- [Task item] Output nothing but the lines from the first line of the listing below through the line containing "Grand Mosque Abu", printed exactly and free of pictures.
═════ Data excerpt ═════
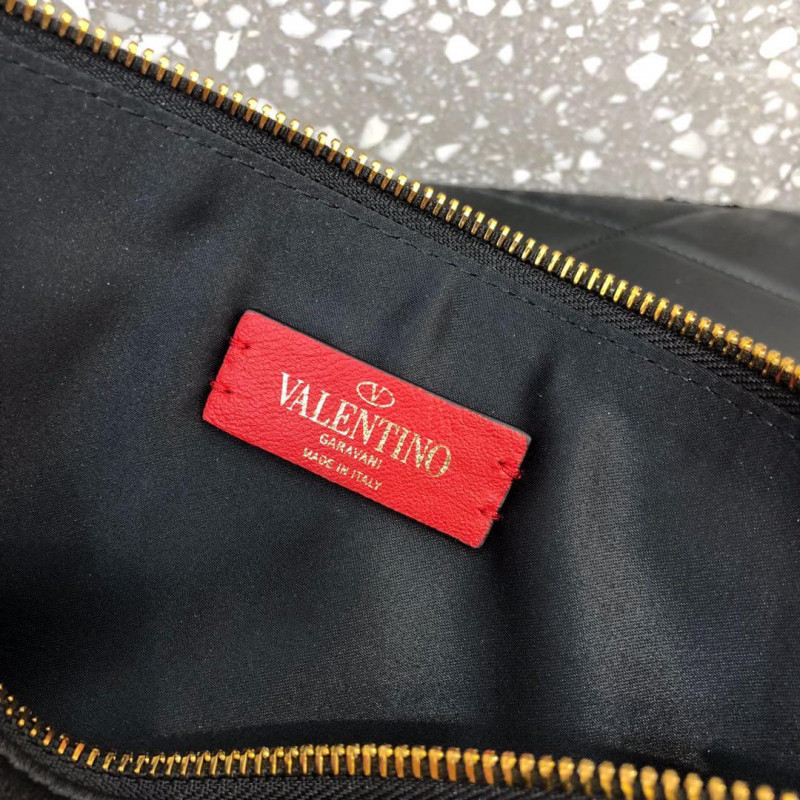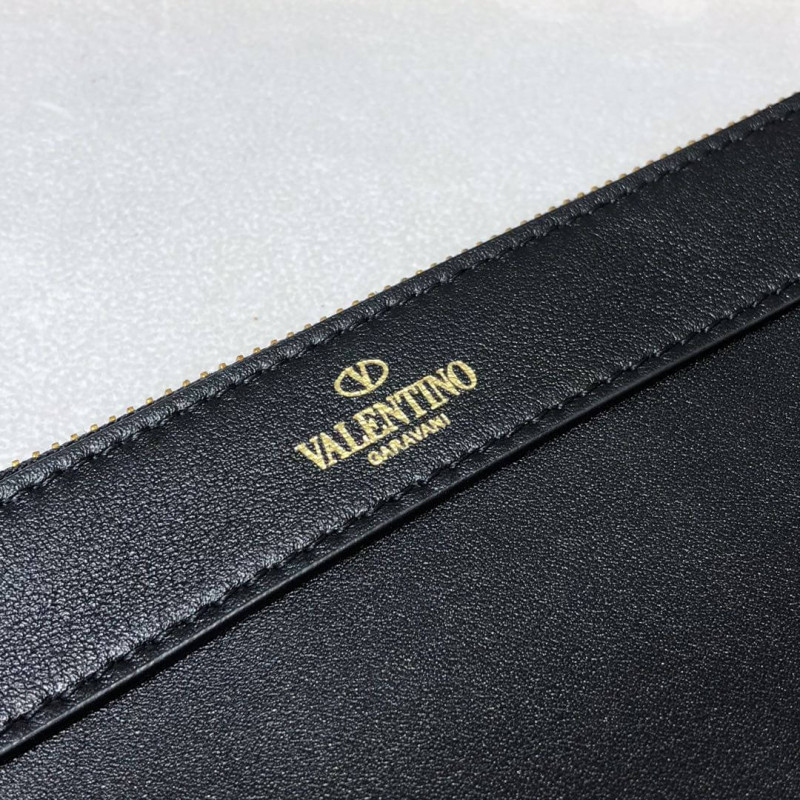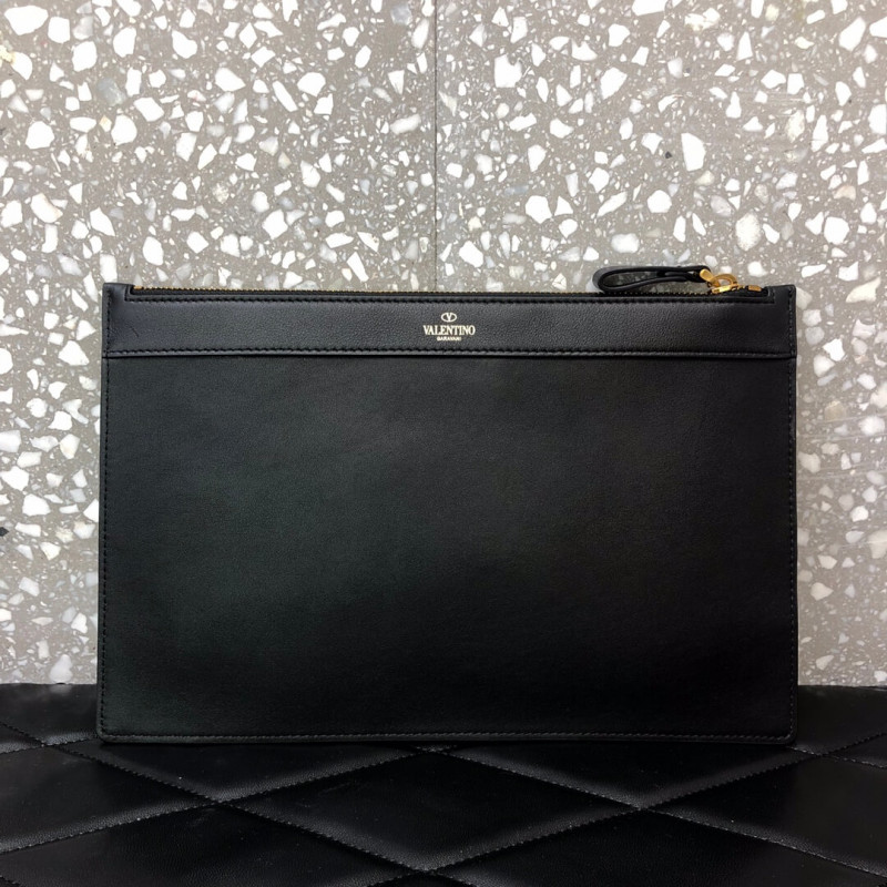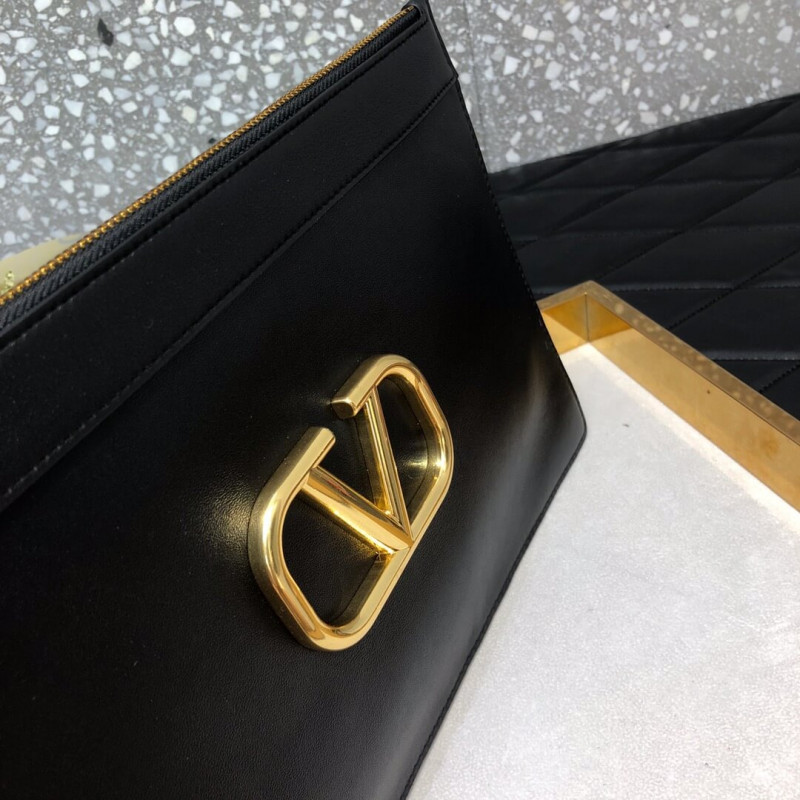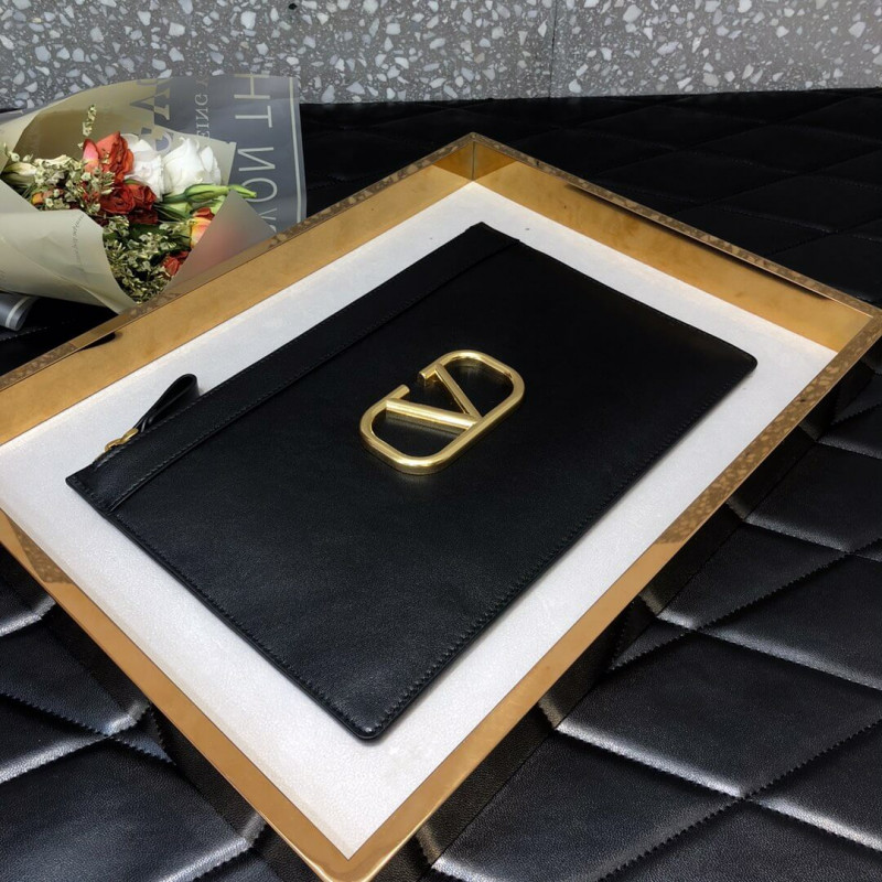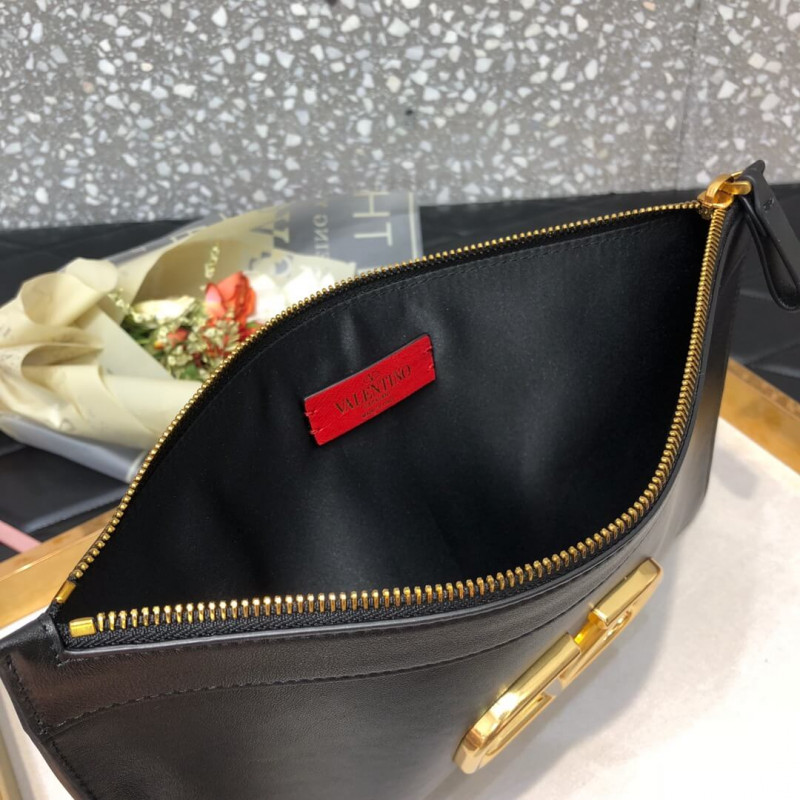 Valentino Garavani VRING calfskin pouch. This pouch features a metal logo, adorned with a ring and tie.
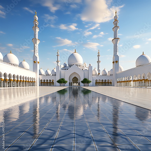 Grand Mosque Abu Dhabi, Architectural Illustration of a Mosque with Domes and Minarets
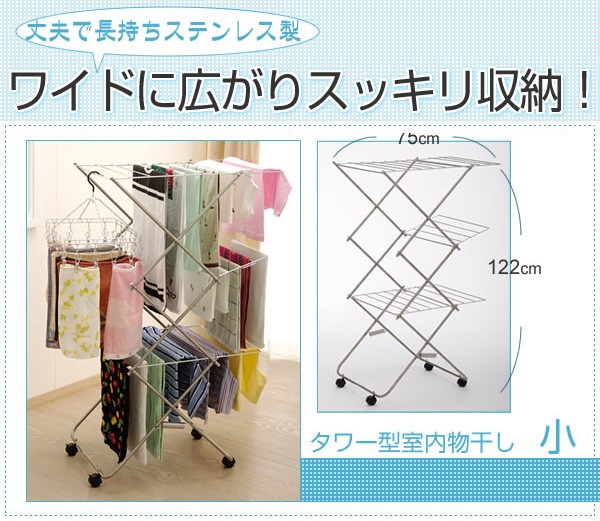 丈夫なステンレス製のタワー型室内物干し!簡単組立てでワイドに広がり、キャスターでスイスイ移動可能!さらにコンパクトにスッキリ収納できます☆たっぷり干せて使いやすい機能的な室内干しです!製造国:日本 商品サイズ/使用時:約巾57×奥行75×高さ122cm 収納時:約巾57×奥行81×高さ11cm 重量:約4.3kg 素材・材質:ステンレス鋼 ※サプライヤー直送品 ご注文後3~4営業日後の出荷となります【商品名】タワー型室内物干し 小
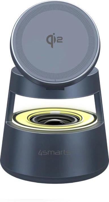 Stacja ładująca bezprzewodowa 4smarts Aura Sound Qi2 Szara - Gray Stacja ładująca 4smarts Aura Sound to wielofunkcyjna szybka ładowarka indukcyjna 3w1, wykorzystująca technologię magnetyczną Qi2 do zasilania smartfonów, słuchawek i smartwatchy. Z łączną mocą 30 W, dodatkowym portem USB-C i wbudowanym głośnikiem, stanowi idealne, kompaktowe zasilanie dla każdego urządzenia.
═════
- [Written reply]
 Valentino Garavani VRING calfskin pouch. This pouch features a metal logo, adorned with a ring and tie.
 Grand Mosque Abu Dhabi, Architectural Illustration of a Mosque with Domes and Minarets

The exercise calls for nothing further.